* **Exercise requirements**: In the answer, transcribe exactly the lines from the beginning of the material through the line holding "This Agate stone", and skip every picture.
Start of Data extract
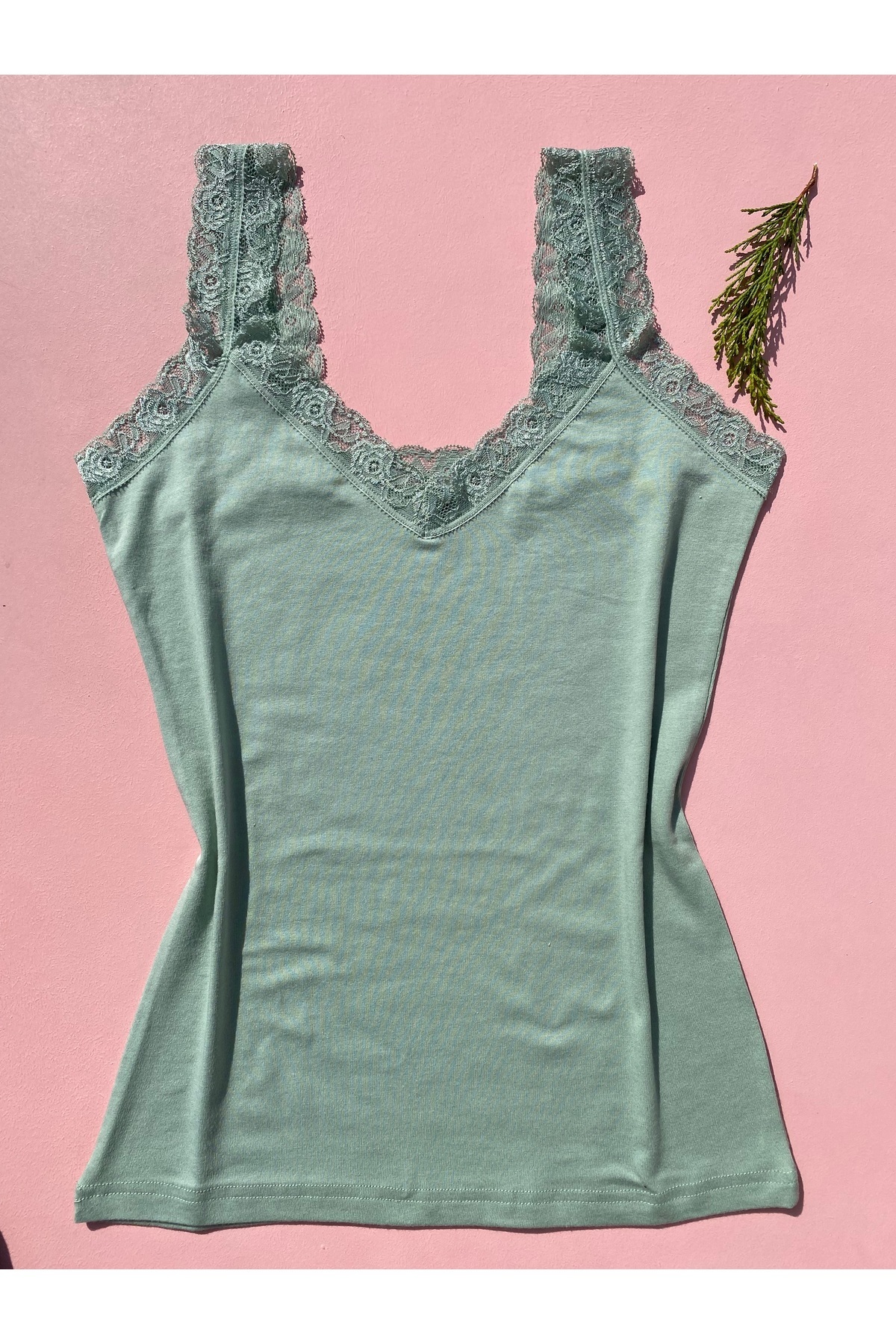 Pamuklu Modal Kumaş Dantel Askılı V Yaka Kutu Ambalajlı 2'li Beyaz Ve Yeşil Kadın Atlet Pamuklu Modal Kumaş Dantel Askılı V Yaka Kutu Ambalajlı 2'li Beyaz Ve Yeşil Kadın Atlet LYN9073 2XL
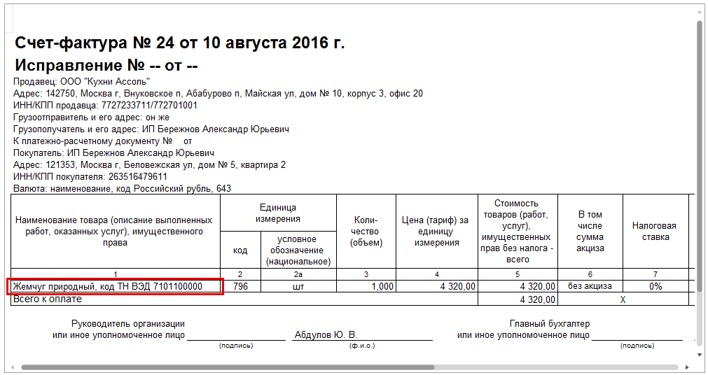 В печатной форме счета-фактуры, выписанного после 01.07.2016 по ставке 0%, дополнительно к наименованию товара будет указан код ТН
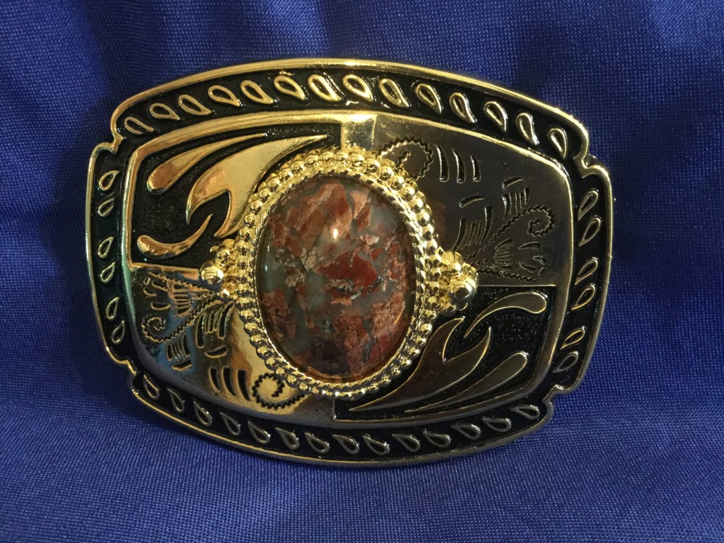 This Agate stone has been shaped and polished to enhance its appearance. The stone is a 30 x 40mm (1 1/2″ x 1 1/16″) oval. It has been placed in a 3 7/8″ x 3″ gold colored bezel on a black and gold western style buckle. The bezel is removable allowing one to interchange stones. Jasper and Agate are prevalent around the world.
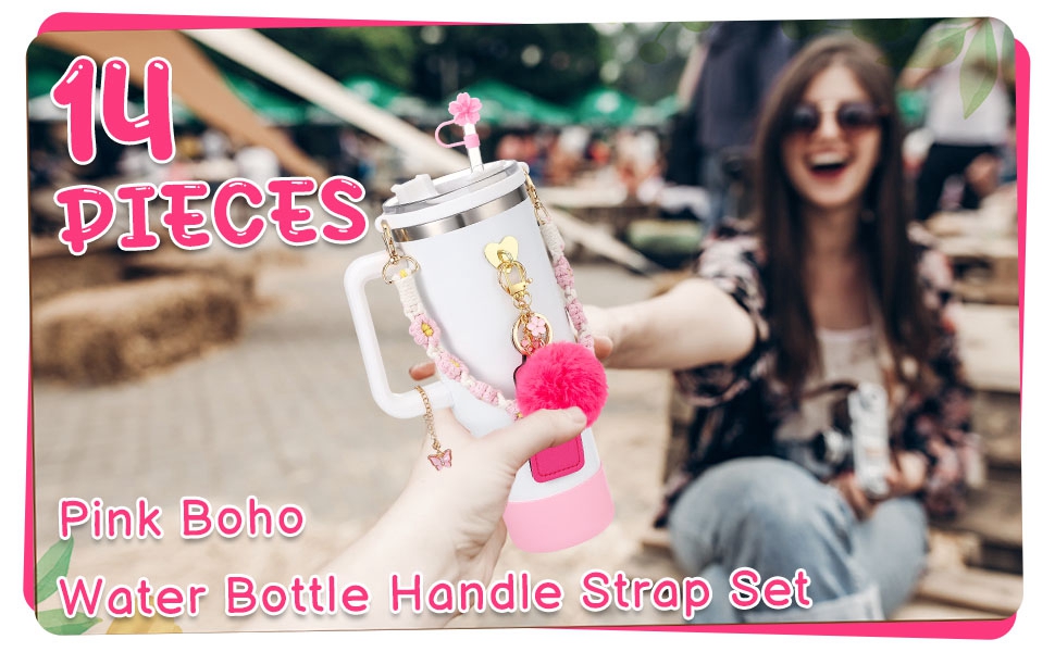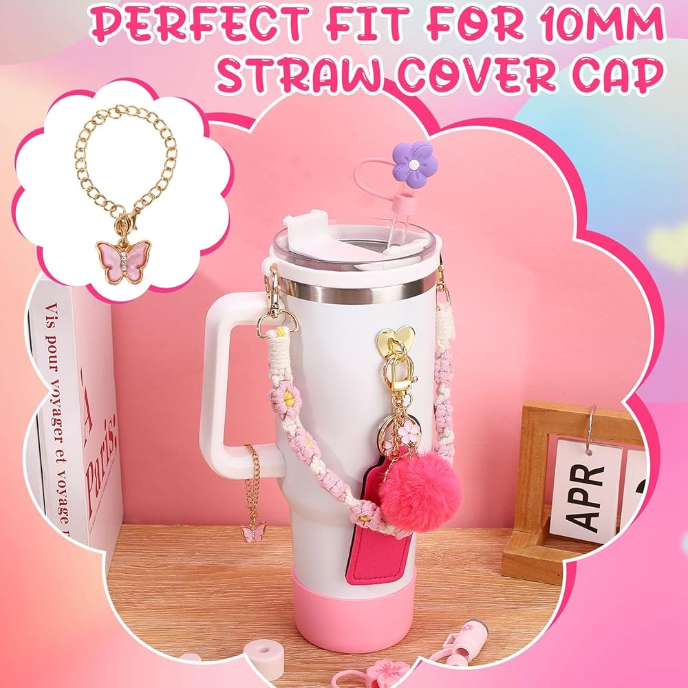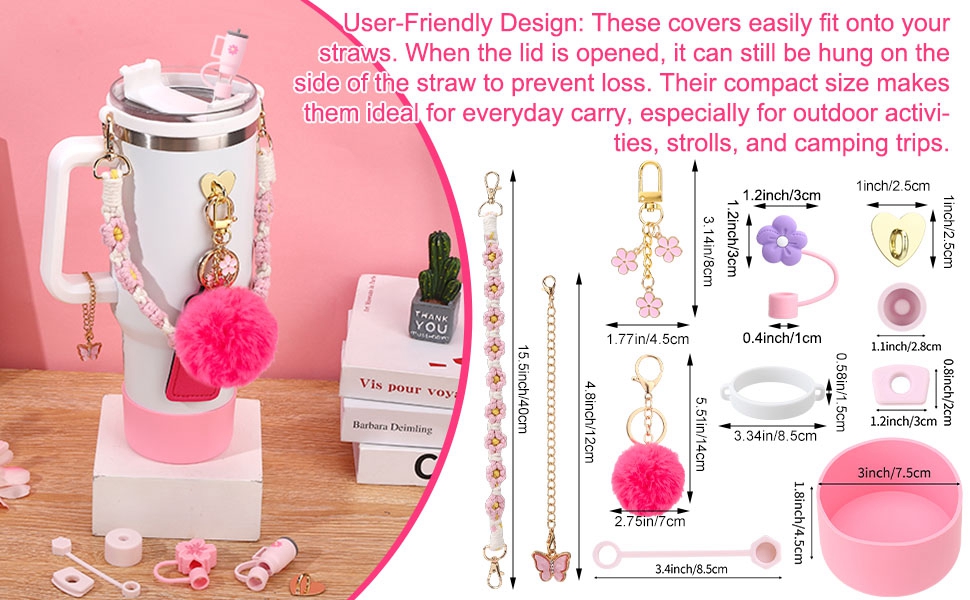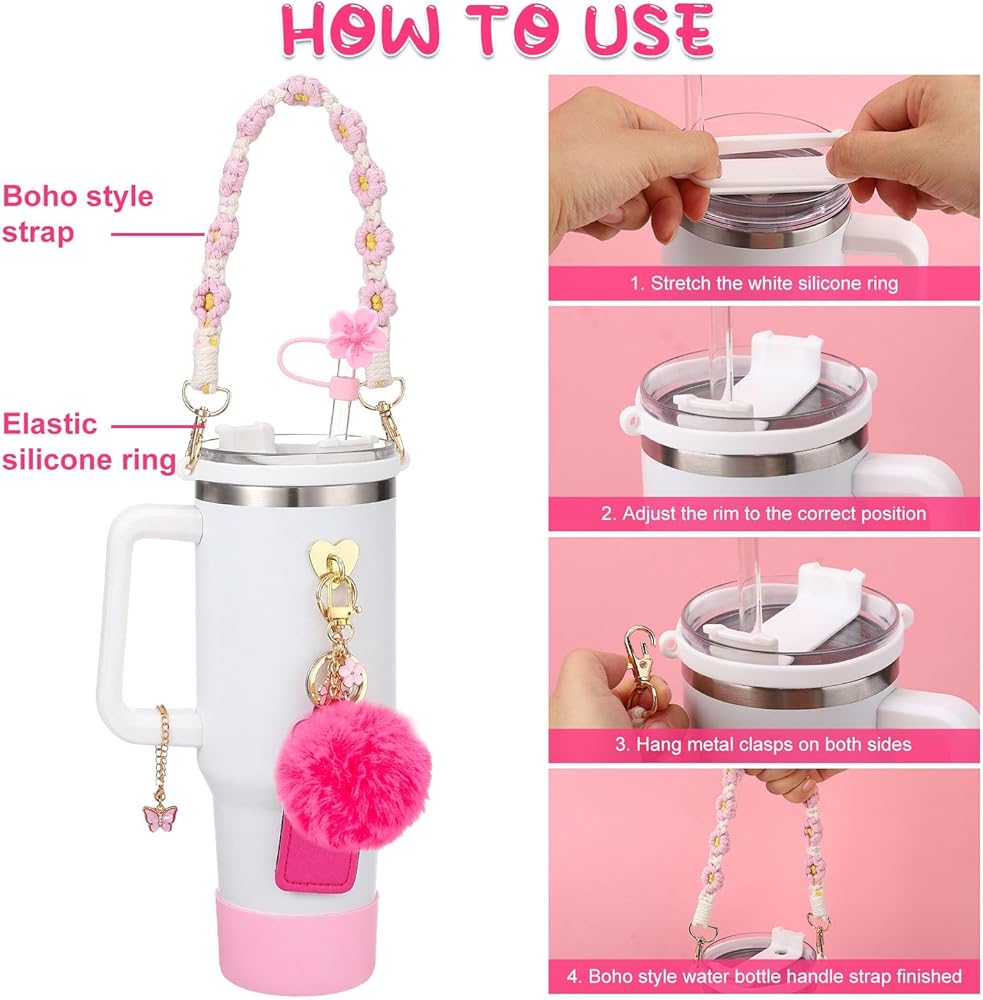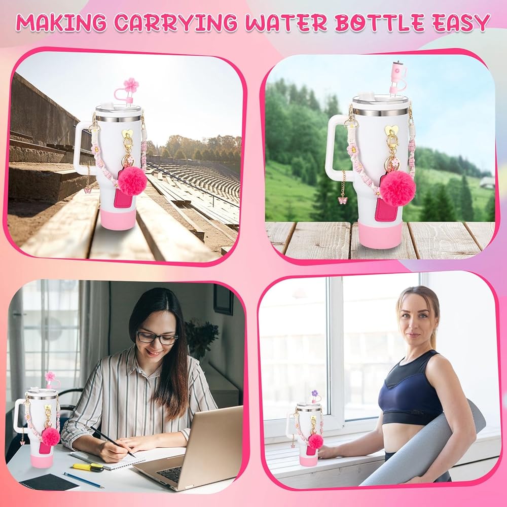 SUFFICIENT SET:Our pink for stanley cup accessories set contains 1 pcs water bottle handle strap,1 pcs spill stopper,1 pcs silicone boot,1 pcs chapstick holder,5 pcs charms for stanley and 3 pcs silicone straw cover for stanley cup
End of Data extract
* **Completed task**:
 Pamuklu Modal Kumaş Dantel Askılı V Yaka Kutu Ambalajlı 2'li Beyaz Ve Yeşil Kadın Atlet Pamuklu Modal Kumaş Dantel Askılı V Yaka Kutu Ambalajlı 2'li Beyaz Ve Yeşil Kadın Atlet LYN9073 2XL
 В печатной форме счета-фактуры, выписанного после 01.07.2016 по ставке 0%, дополнительно к наименованию товара будет указан код ТН
 This Agate stone has been shaped and polished to enhance its appearance. The stone is a 30 x 40mm (1 1/2″ x 1 1/16″) oval. It has been placed in a 3 7/8″ x 3″ gold colored bezel on a black and gold western style buckle. The bezel is removable allowing one to interchange stones. Jasper and Agate are prevalent around the world.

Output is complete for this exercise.